Our study results in Table 3 show the potential association of SES as measured by HOUSES with biases in model performance. For example, BERs were higher for children with lower SES for both algorithms estimating AE risk, compared to those with higher SES, with a disparity larger than those associated with other demographic factors (age, sex, and race/ethnicity). This was also true for sensitivity. A recent study also showed ML models having differential performance by SES (measured by health insurance, public vs commercial health insurance) in predicting ICU mortality12 and 30-day psychiatric readmission (people with lower SES had poorer prediction performance of their ML algorithms, compared to those with higher SES).12 Overall, our study results and the literature suggest that SES may be associated with differential (in)completeness and validity of PROs, which may subsequently lead to differential algorithmic performance by SES. However, this needs to be further assessed in other health outcomes and for different populations (eg, adults).
It is also important to recognize differential performance of SES measures in predicting health outcomes because researchers routinely use aggregate-level SES measures such as ADI24,63–65 or other SES measures in research. Aggregate-level SES measures are subject to a significant misclassification of individual-level SES (20–35%)66,67 and the ecological fallacy68 and thus, may fail to detect the association of SES with health outcomes. As shown in results, compared to ADI, HOUSES classified more people as low SES, which led to a larger low SES subgroup, which in turn made it possible to compute more bias measures using the HOUSES. For example, there was significant discrepancy in the proportion of subjects with a history of AE among lower SES group defined by HOUSES (53%) and ADI (0%) which contrasts with the widely recognized associations of lower SES with the increased risk of AE in the literature.54–56,69 In the analysis for algorithmic bias, ADI as an aggregate-level SES measure showed significant limitations and difficulties in applying it to research work assessing algorithmic bias, especially work based on a small sample size requiring precision, due to its imprecision and misclassification of individual-level SES measures. Along these lines, our recent study showed that HOUSES predicted that kidney transplant recipients with lowest HOUSES (Q1) had a significantly higher risk of graft failure than those with highest HOUSES (Q2–4) (adjusted hazard ratio 2.12; 95% CI 1.08–4.16).70 Importantly, other SES measures such as individual educational levels and census-block group level education and income failed to predict outcomes on graft failure. Therefore, in assessing and mitigating algorithmic bias by SES, it is important to a valid measure for individual-level SES measure. The HOUSES index fulfills this requirement and can be a replacement or complement to existing conventional SES measures. As AI models are ultimately being applied to clinical decisions for individual patients, assessing AI model performance and bias using individual-level SES is conceptually and ethically more appropriate than aggregate-level SES measures when individual-level SES measures are available to developers.

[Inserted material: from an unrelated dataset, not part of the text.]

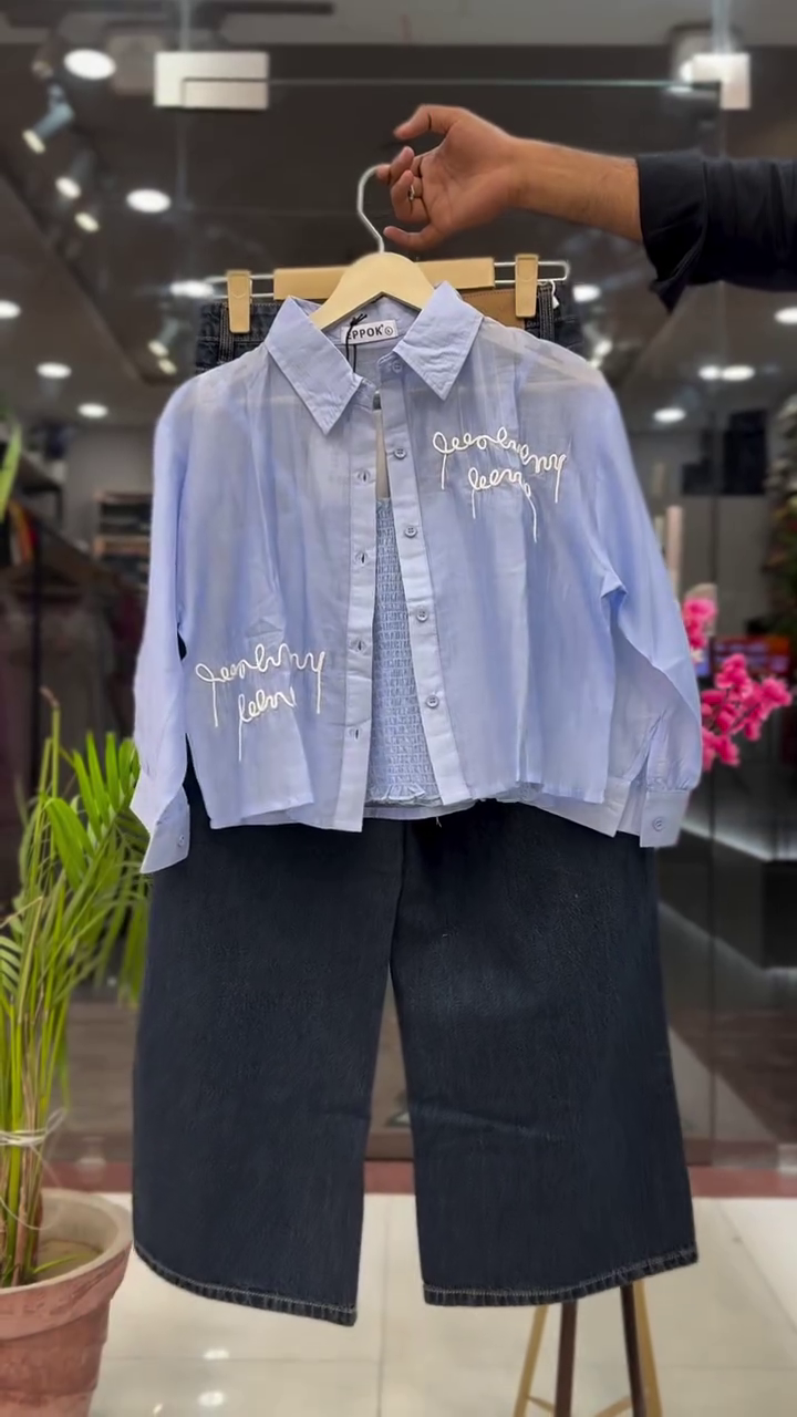 Crafted from breathable, lightweight fabric, the shirt keeps you cool and comfortable all day long π¬οΈβοΈ, making it ideal for casual outings, brunch dates βπ°, shopping days ποΈ, or even travel looks βοΈπ. The inner top adds a soft layering touch, giving you that effortlessly put-together aesthetic π. The wide-leg denim pants π provide a relaxed fit with a flattering silhouette, ensuring both comfort and confidence wherever you go πβ¨.
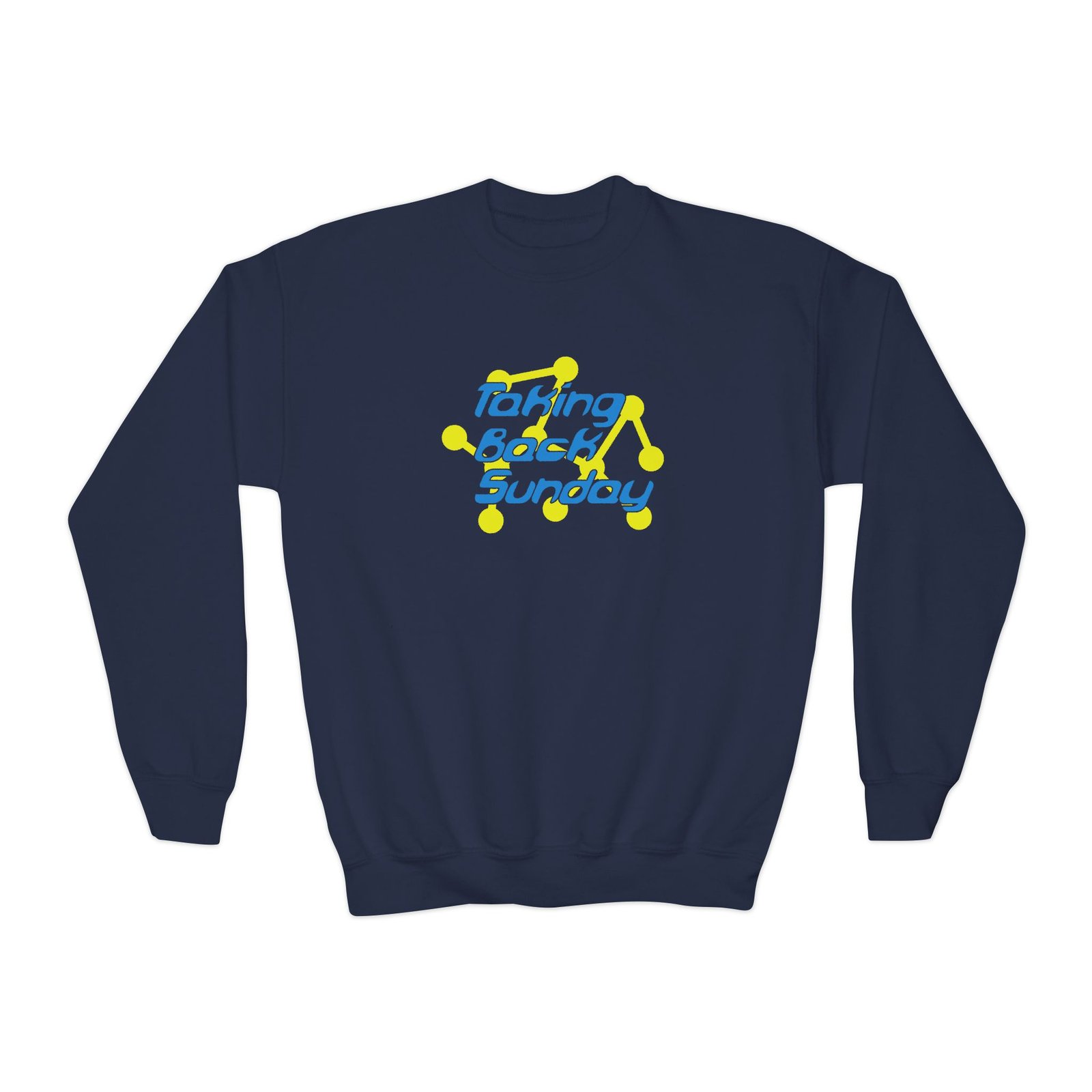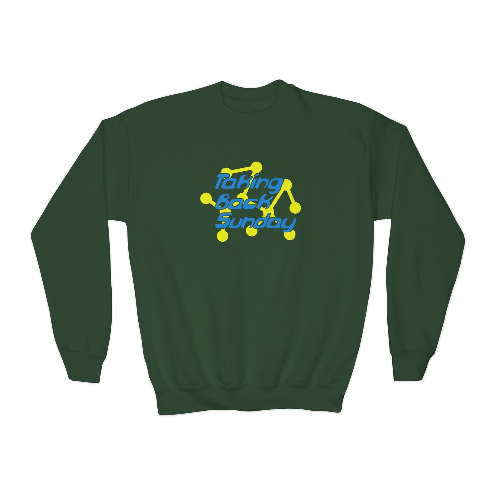 This loose-fit youth Taking Back Sunday Chain crewneck brings moody, occult-inspired style to everyday wear. A storm-lit silhouette and grainy, moonlit scene sit beneath hand-lettered gothic text in bruised purple — a look that reads like a midnight zine spread. The sweatshirt’s medium-heavy knit feels substantial without weighing down small frames, and the ribbed collar and cuffs hold their shape through play and repeat washes. Let this crew be the quiet centerpiece of a darker wardrobe: layered over band tees, hoodies, or under a denim jacket for a city-night vibe that leans mysterious and made-for-exploring.

The HOUSES index has several conceptual and methodological merits for clinical and translational research, as summarized in the Supplementary section: First, HOUSES is able to capture health effects of SES (defined as ‘one’s ability to access desired resources’)71 which is associated with 39 health care access, care quality, and health outcomes as summarized in Supplementary Table S2. In this context, HOUSES might be particularly attuned to asthma due to links between housing quality (eg, indoor or outdoor air quality or molds from moisture areas with poor ventilation) and childhood asthma as discussed in the Introduction. Second, it is an external and individual-level SES measure, in contrast to self-reported (eg, income) or aggregate-level (eg, zip-code-based Census data) measures. Third, it can retrospectively measure SES at any given point in time whenever address information at the index date of events is available (not relying on recalls). Fourth, as spatial coordinates are intrinsic to HOUSES, it enables geospatial analysis to identify geographic hotspots of interest (eg, COVID-19 cases) to be used as a feature in predictive models.72–74 Finally, unlike other SES measures (eg, educational level, which is relatively static), it can capture longitudinal changes as real property data are regularly updated, and relocation of residence often reflects changes in a subject’s SES. This feature allows us to use the HOUSES index as a financial outcome across life stages. Taken together, these features highlight how the HOUSES index can help to address issues of fairness in AI adoption, ultimately helping to achieve greater levels of health equity across populations.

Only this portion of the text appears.